On Friday, Cigna (NYSE:CI) reported Q3 results that reflected strong year-over-year growth. Yet investors were apparently spooked by negative margin trends in the insurer's health-care and disability/life insurance segments, as well as an outlook for 2008 that was below Wall Street's expectations.

With shares closing down 3.5% on Friday, I would view this as a buying opportunity for investors looking for more stable investments for their portfolio, given the market's recent volatility. Despite the fact that shares are up about 24% in the past 12 months, Cigna's management still feels the company is undervalued, as seen in the $235 million repurchase of its shares in the third quarter.

Share repurchases persist among the large-cap health insurance companies, with WellPoint (NYSE:WLP) repurchasing $2.4 billion worth of its common shares in its Q3. UnitedHealth Group (NYSE:UNH) bought back $2 billion worth of shares during the quarter, and Aetna (NYSE:AET) recently announced $1.25 billion in planned share repurchases.

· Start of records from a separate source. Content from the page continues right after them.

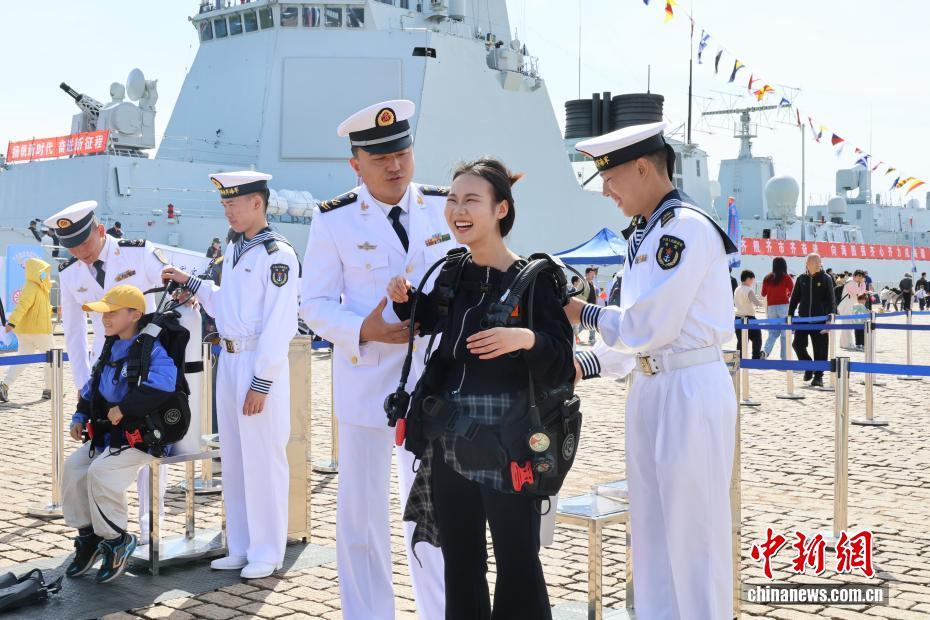 4月22日,人民海军成立77周年北部战区海军舰艇开放活动在山东青岛拉开序幕,吸引大量民众登舰参观。4月23日是人民海军成立77周年纪念日,海军于23日前后在中国十多个城市举行军营开放活动,四十多艘现役舰艇将与公众见面。本次活动,北部战区海军在青岛的两个码头开放6艘舰艇,将持续至4月26日。图为民众体验海军官兵训练科目。
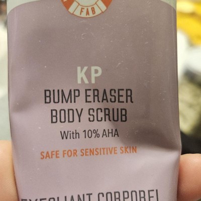 - Exfoliate using KP Bump Eraser Body Scrub with 10% AHA
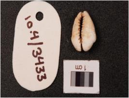 | Description / विवरण | Cowrie shell with a natural groove line and a wide perforation on the surface powdery surface and white in colour. |
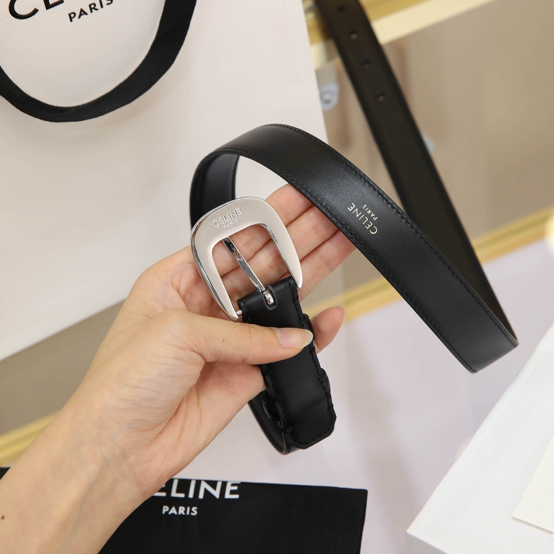 CL MEDIUM 25 MM MARCO BELT WITH STRASS IN BLACK CALFSKIN SILVER HARDWARE
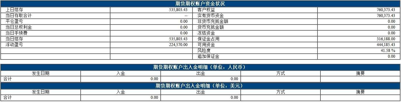 今日权益:760343.43元 昨日权益:638837.43元 以下表格为最近一个交易日的资金、成交、持仓情况,若需看之前的,请点击分页 阿超投资账户5月15日资金权益 以上数据来源于保证金监控中心 责任编辑:翁建平 |
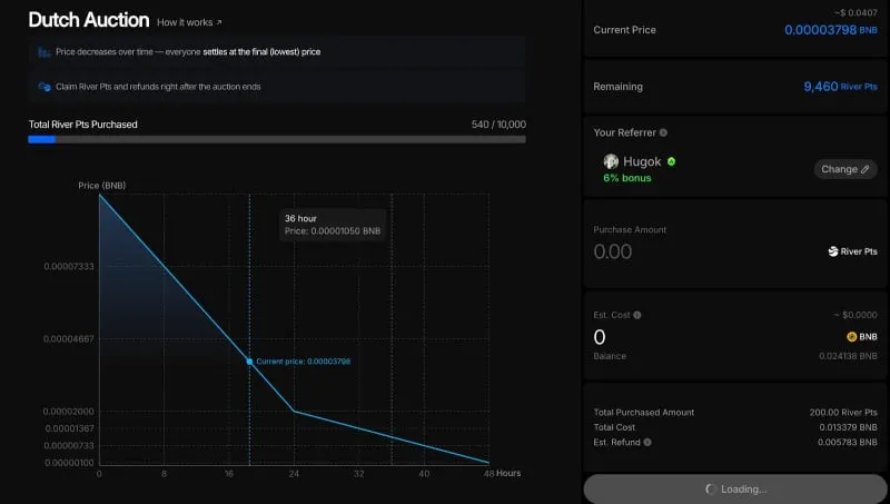 If a user purchases 100,000 River Pts at $1 and the final clearing price is $0.5, they will receive 100,000 River Pts and a refund of $50,000 in BNB after the auction ends.
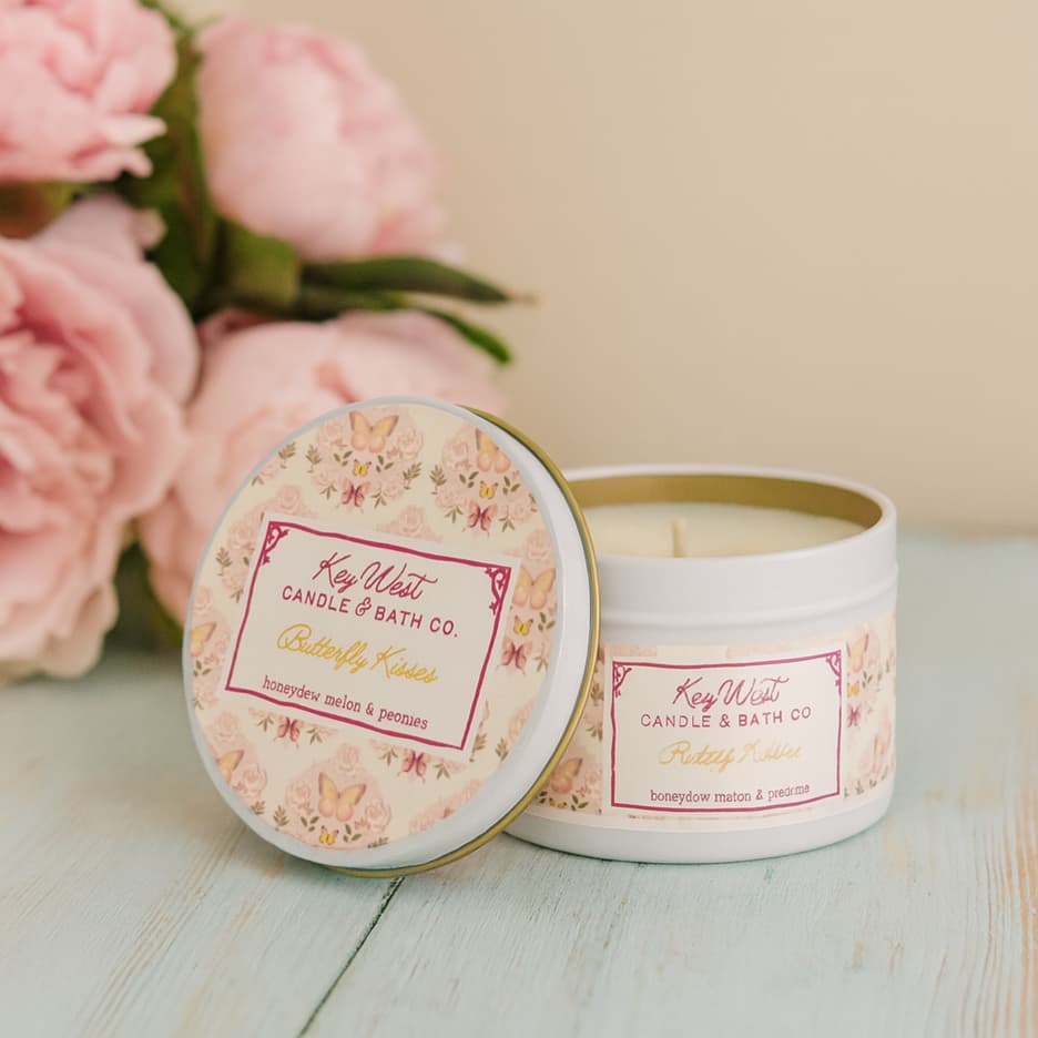 Embrace the soft, sweet beauty of Butterfly Kisses, a delicate blend of fresh honeydew melon and blooming peonies. This hand-poured candle captures the feeling of a gentle summer breeze fluttering through a garden in full bloom.
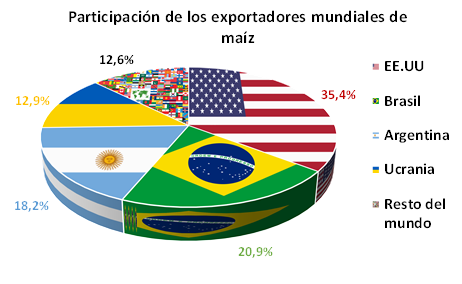 En la campaña 2020/21, Argentina tendría la tercer mayor cosecha de maíz de su historia (58 millones de toneladas), generando un saldo exportable de aproximadamente 34 millones de toneladas, lo cual le permitiría ubicarse en el tercer puesto en las exportaciones mundiales precedido por Estados Unidos y Brasil. Al desagregar la producción de estos tres países por división administrativa (estados y provincias), se cuenta con un total de 74 divisiones productoras de maíz que conjuntamente representan casi un 75% de las exportaciones mundiales, según datos del Departamento de Agricultura de los Estados Unidos (USDA).
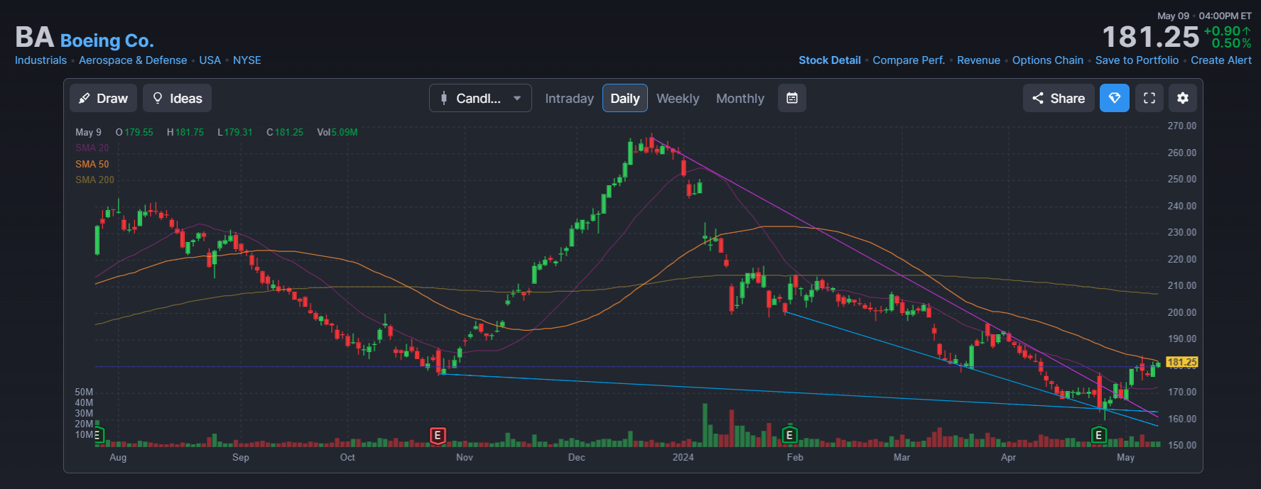 - 보잉 (BA)은 현재 여러 가지 문제에도 불구하고 장기적으로 회사의 가치가 회복될 것이라는 점에 투자할 수 있습니다.

Cigna's Q3 adjusted operating EPS improved by 37% on a 7% increase in revenue compared with its year-ago quarter. Rate increases as well as growth in medical membership were the big factors.     

One concern for shareholders would be the decline of 40 basis points in margins (segment earnings divided by segment revenues) that occurred both in the health-care segment and the disability/life insurance segment. With that said, management's forecast of about 5% growth in adjusted operating earnings per share for 2008 seems to be not only attainable, but also an attempt to manage Wall Street's expectations.